◆ Data:
┌────────

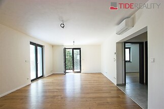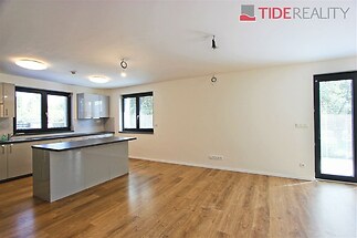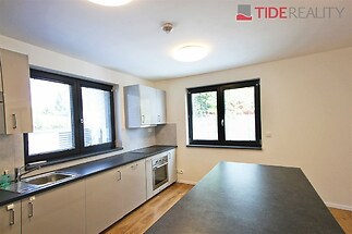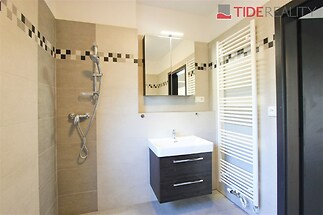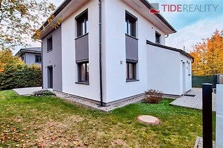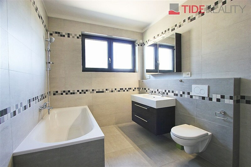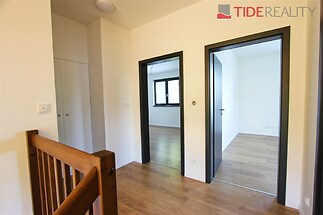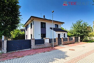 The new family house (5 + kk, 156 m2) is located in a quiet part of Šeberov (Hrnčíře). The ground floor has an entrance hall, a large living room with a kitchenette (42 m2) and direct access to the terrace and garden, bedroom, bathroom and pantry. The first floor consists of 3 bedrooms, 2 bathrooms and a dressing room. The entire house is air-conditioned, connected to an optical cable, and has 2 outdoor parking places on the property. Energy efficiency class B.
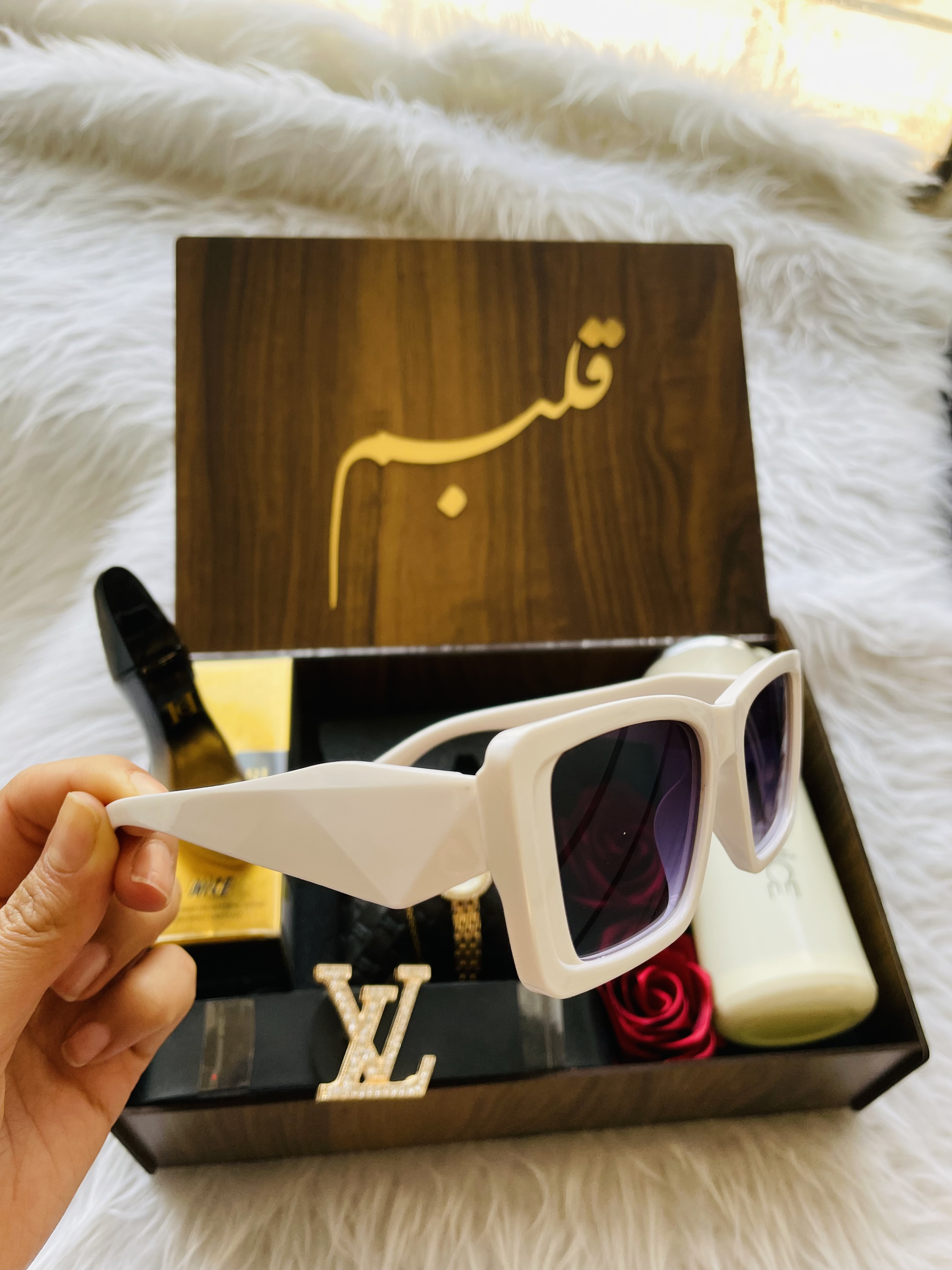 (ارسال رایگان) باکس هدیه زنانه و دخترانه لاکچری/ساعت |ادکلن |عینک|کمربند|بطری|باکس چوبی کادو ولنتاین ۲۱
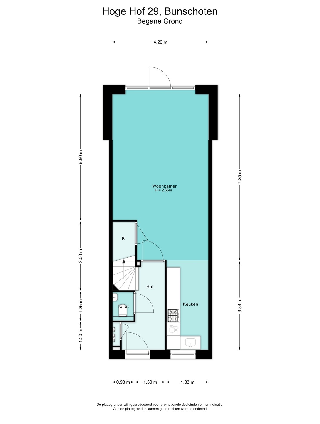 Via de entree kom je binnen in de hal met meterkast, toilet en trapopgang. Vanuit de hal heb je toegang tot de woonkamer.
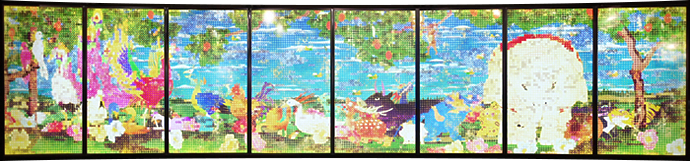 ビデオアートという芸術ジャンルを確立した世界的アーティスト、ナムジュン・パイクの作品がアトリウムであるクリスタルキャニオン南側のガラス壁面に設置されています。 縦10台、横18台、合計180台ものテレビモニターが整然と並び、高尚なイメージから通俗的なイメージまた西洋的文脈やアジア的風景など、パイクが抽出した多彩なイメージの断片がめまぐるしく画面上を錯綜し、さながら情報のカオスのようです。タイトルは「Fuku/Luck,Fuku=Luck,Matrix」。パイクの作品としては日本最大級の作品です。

└────────

Copy the full listing above exactly, apart from the pictures.

 The new family house (5 + kk, 156 m2) is located in a quiet part of Šeberov (Hrnčíře). The ground floor has an entrance hall, a large living room with a kitchenette (42 m2) and direct access to the terrace and garden, bedroom, bathroom and pantry. The first floor consists of 3 bedrooms, 2 bathrooms and a dressing room. The entire house is air-conditioned, connected to an optical cable, and has 2 outdoor parking places on the property. Energy efficiency class B.
 (ارسال رایگان) باکس هدیه زنانه و دخترانه لاکچری/ساعت |ادکلن |عینک|کمربند|بطری|باکس چوبی کادو ولنتاین ۲۱
 Via de entree kom je binnen in de hal met meterkast, toilet en trapopgang. Vanuit de hal heb je toegang tot de woonkamer.
 ビデオアートという芸術ジャンルを確立した世界的アーティスト、ナムジュン・パイクの作品がアトリウムであるクリスタルキャニオン南側のガラス壁面に設置されています。 縦10台、横18台、合計180台ものテレビモニターが整然と並び、高尚なイメージから通俗的なイメージまた西洋的文脈やアジア的風景など、パイクが抽出した多彩なイメージの断片がめまぐるしく画面上を錯綜し、さながら情報のカオスのようです。タイトルは「Fuku/Luck,Fuku=Luck,Matrix」。パイクの作品としては日本最大級の作品です。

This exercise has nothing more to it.